◆ **Dataset content**:
+ + +

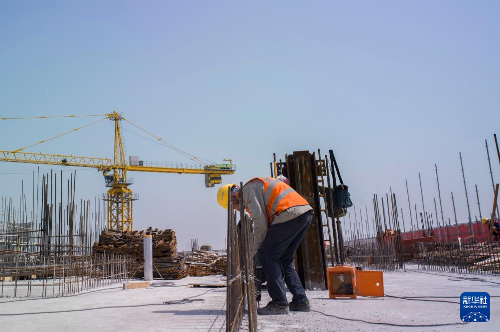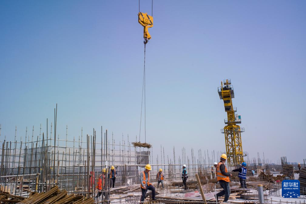 4月1日,工人在复旦大学附属中山医院青浦新城院区一期工程建设项目主楼楼顶进行钢筋支架底座施工。
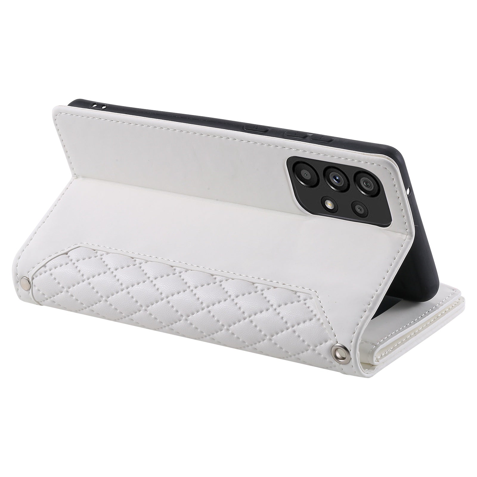 005 Style Phone Protective Cover for Samsung Galaxy A53 5G, Rhombus Texture PU Leather Zipper Pocket Stand Wallet Case with Wrist Strap
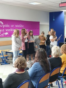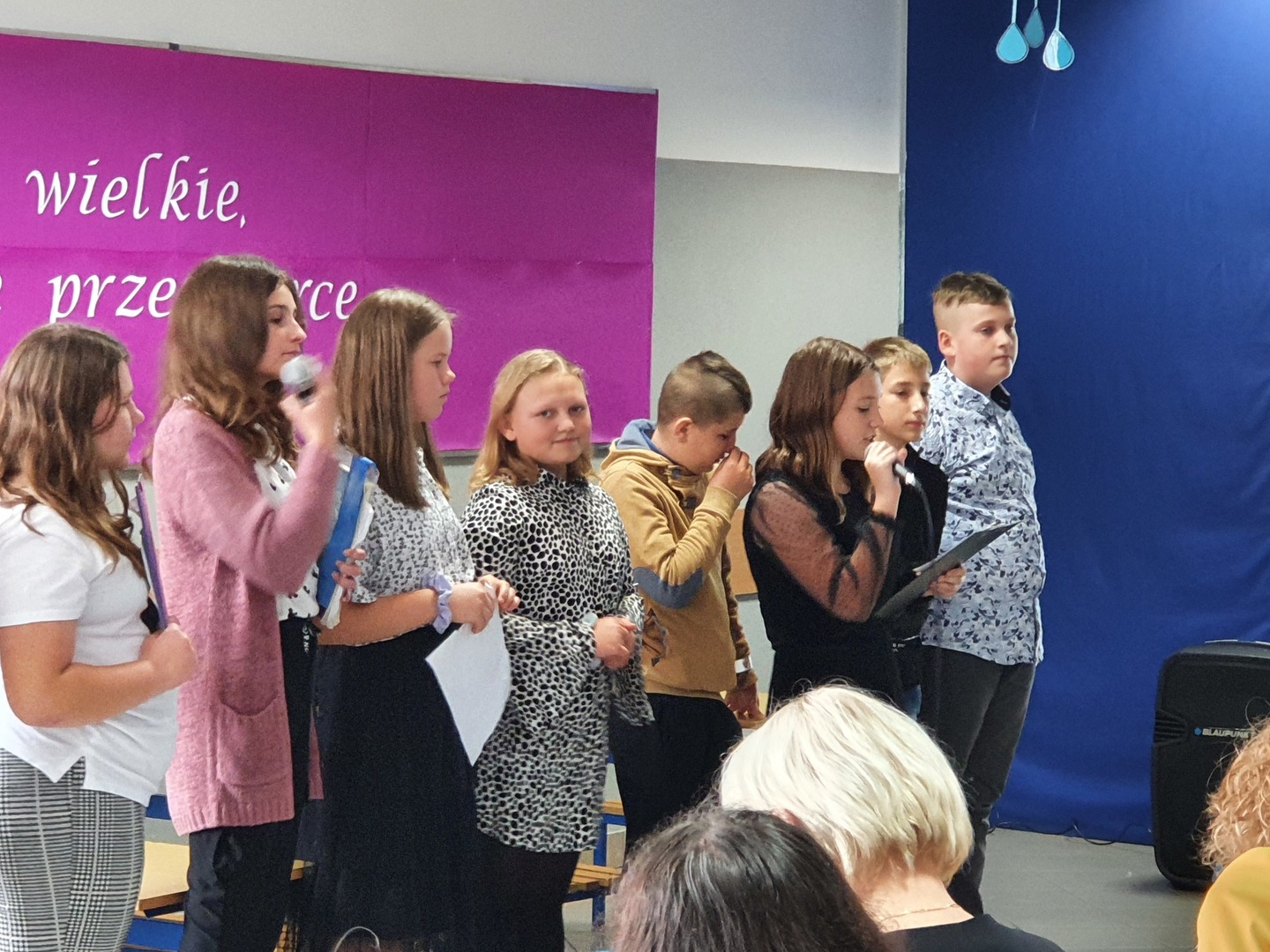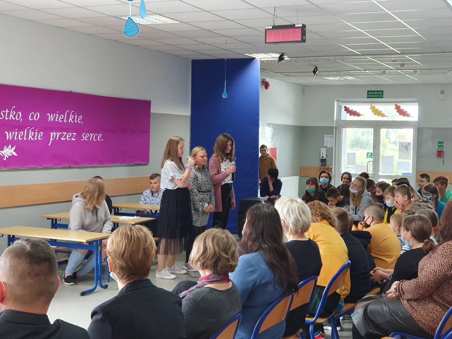 Oprócz scenek uznanie publiczności zyskały piosenki „14 października” i „Szkolne życzenia” zaprezentowane przez wokalistki z kl. VI, które ćwiczyły pod kierunkiem p. Eweliny Mróz.
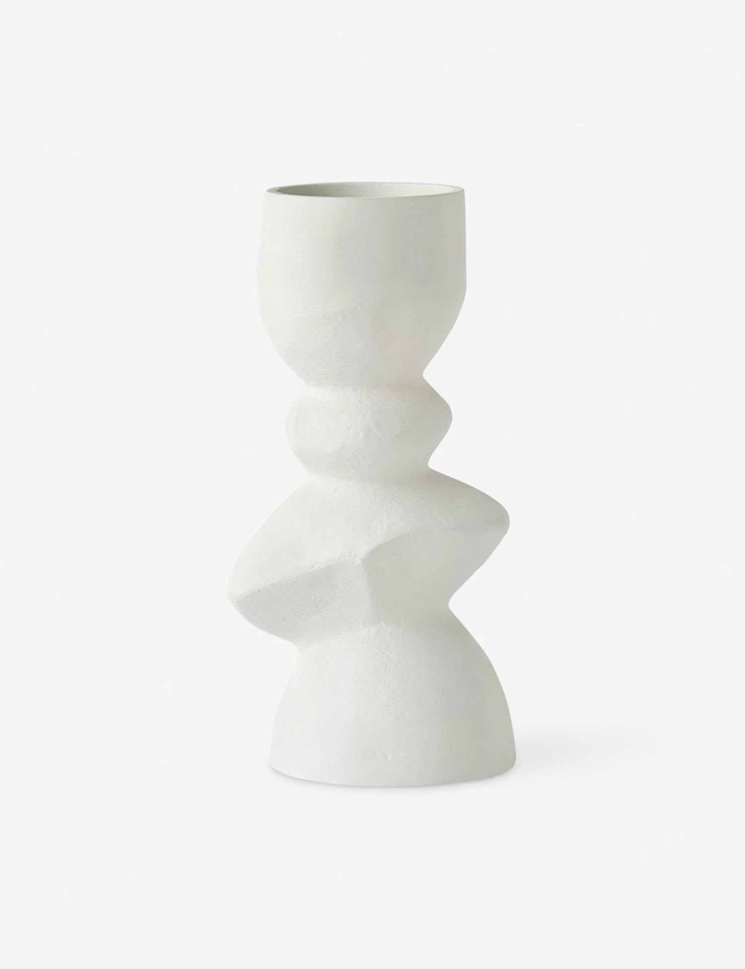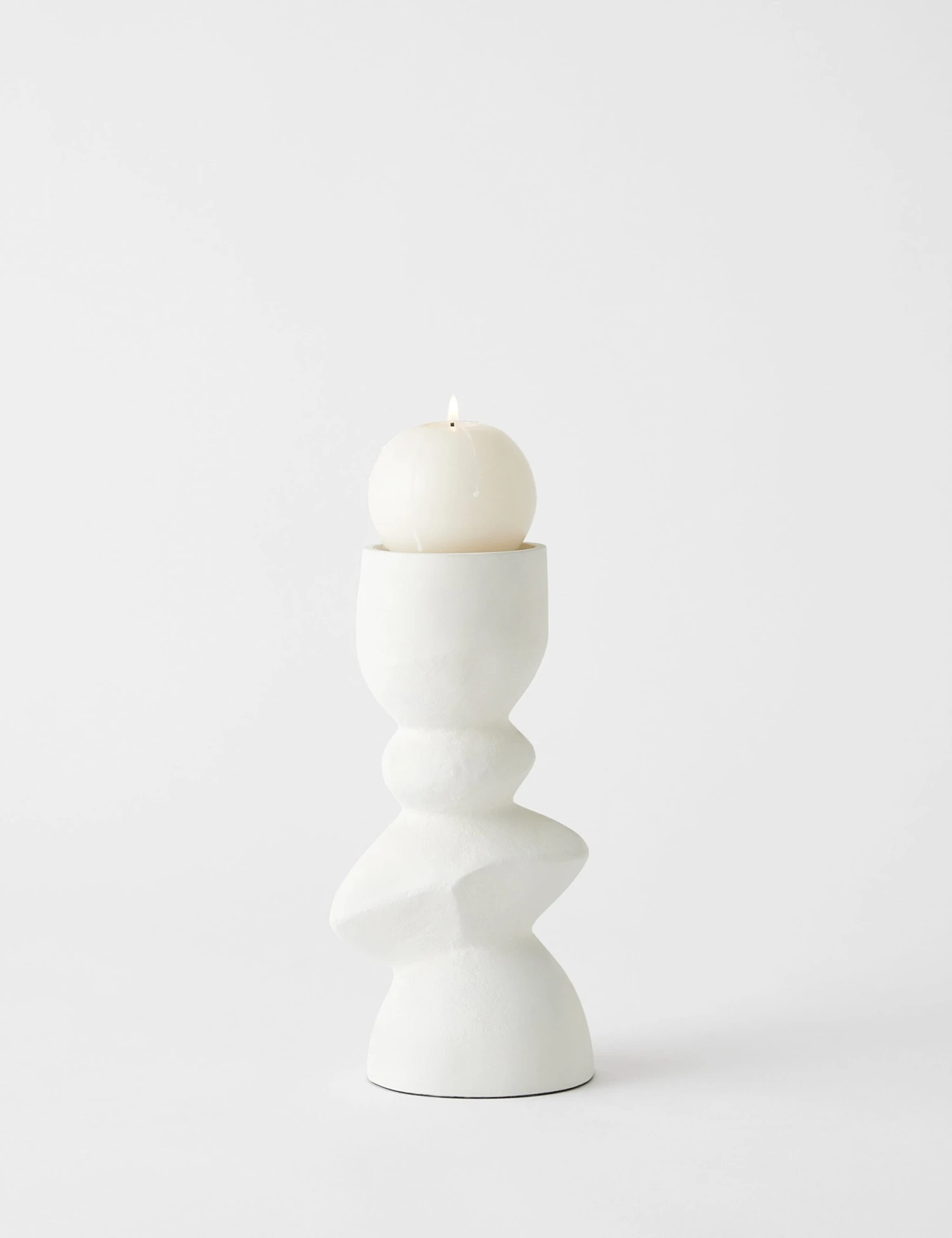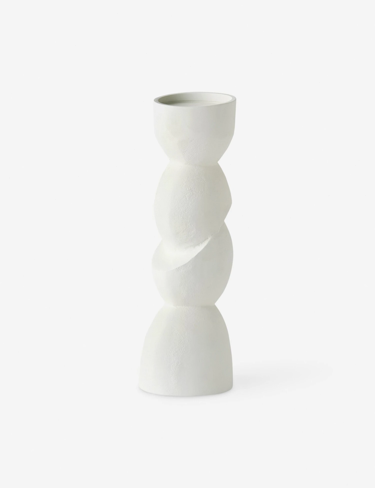 These hand-cast aluminum candle holders feature playful, organic curves finished in matte white for soft impact. Group them together to layer dimension and movement on your table or mantel.
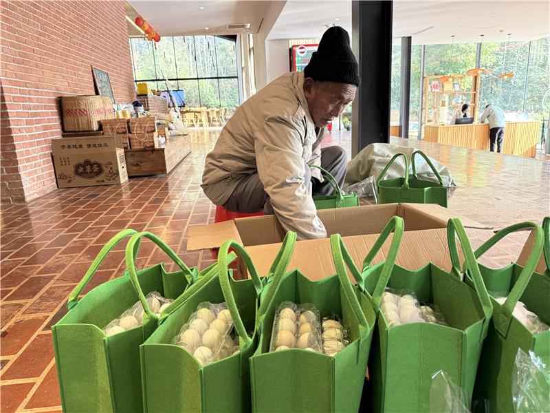 2023年,海洋村嘗試“農(nóng)業(yè)+民宿”,將村里的養(yǎng)殖的土豬、土雞制作成半成品,包裝成禮盒售賣,“去年剛開始只銷售了二十多萬元。今年的銷售情況很好,從2024年底到現(xiàn)在,已經(jīng)售賣了六十多萬元。” 馮源淵笑容滿滿,“進入臘月后,已經(jīng)宰殺了二十多頭黑豬,還有致電想要預定的都沒有了。”
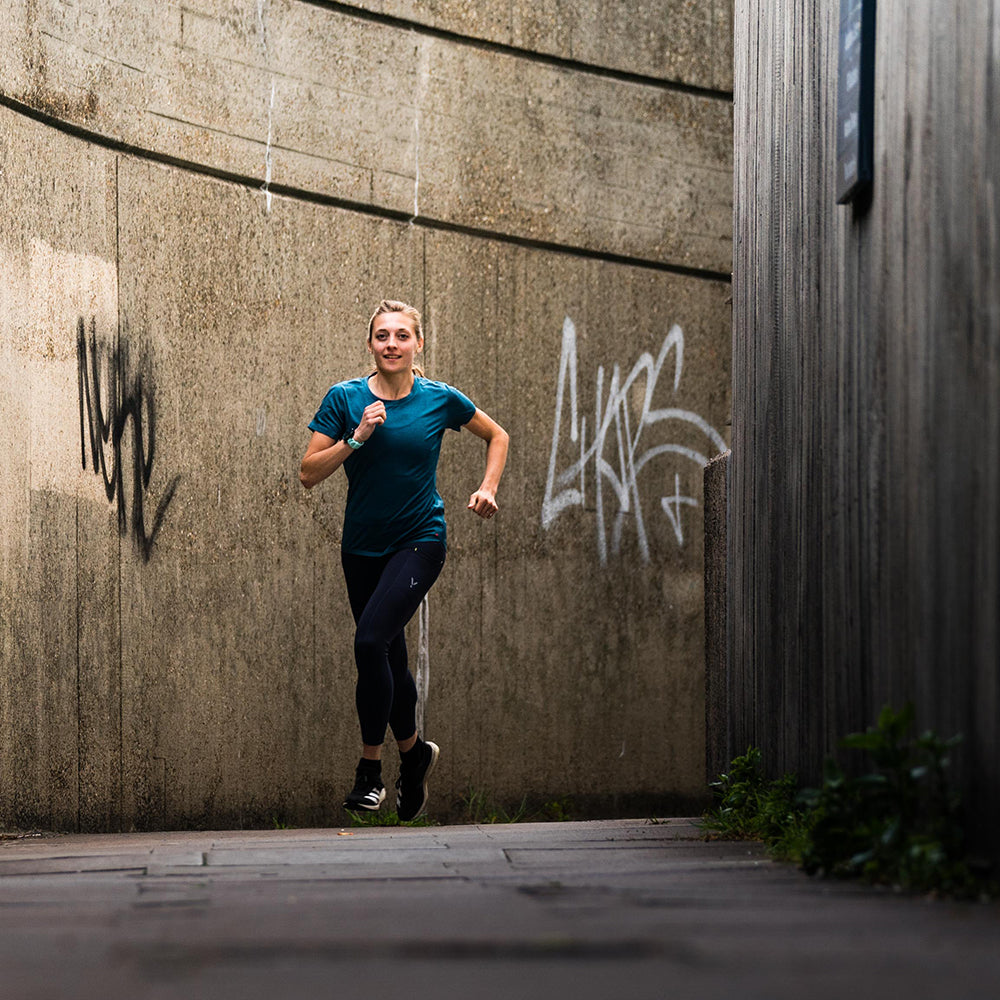 Made from recycled polyester sourced from recycled plastic bottles, our Nyx tights support your every stride.

+ + +

◆ **Try it**:
Wherever a picture appears in the listing above, drop it, and restate the rest exactly.

◆ **Task output**:
 4月1日,工人在复旦大学附属中山医院青浦新城院区一期工程建设项目主楼楼顶进行钢筋支架底座施工。
 005 Style Phone Protective Cover for Samsung Galaxy A53 5G, Rhombus Texture PU Leather Zipper Pocket Stand Wallet Case with Wrist Strap
 Oprócz scenek uznanie publiczności zyskały piosenki „14 października” i „Szkolne życzenia” zaprezentowane przez wokalistki z kl. VI, które ćwiczyły pod kierunkiem p. Eweliny Mróz.
 These hand-cast aluminum candle holders feature playful, organic curves finished in matte white for soft impact. Group them together to layer dimension and movement on your table or mantel.
 2023年,海洋村嘗試“農(nóng)業(yè)+民宿”,將村里的養(yǎng)殖的土豬、土雞制作成半成品,包裝成禮盒售賣,“去年剛開始只銷售了二十多萬元。今年的銷售情況很好,從2024年底到現(xiàn)在,已經(jīng)售賣了六十多萬元。” 馮源淵笑容滿滿,“進入臘月后,已經(jīng)宰殺了二十多頭黑豬,還有致電想要預定的都沒有了。”
 Made from recycled polyester sourced from recycled plastic bottles, our Nyx tights support your every stride.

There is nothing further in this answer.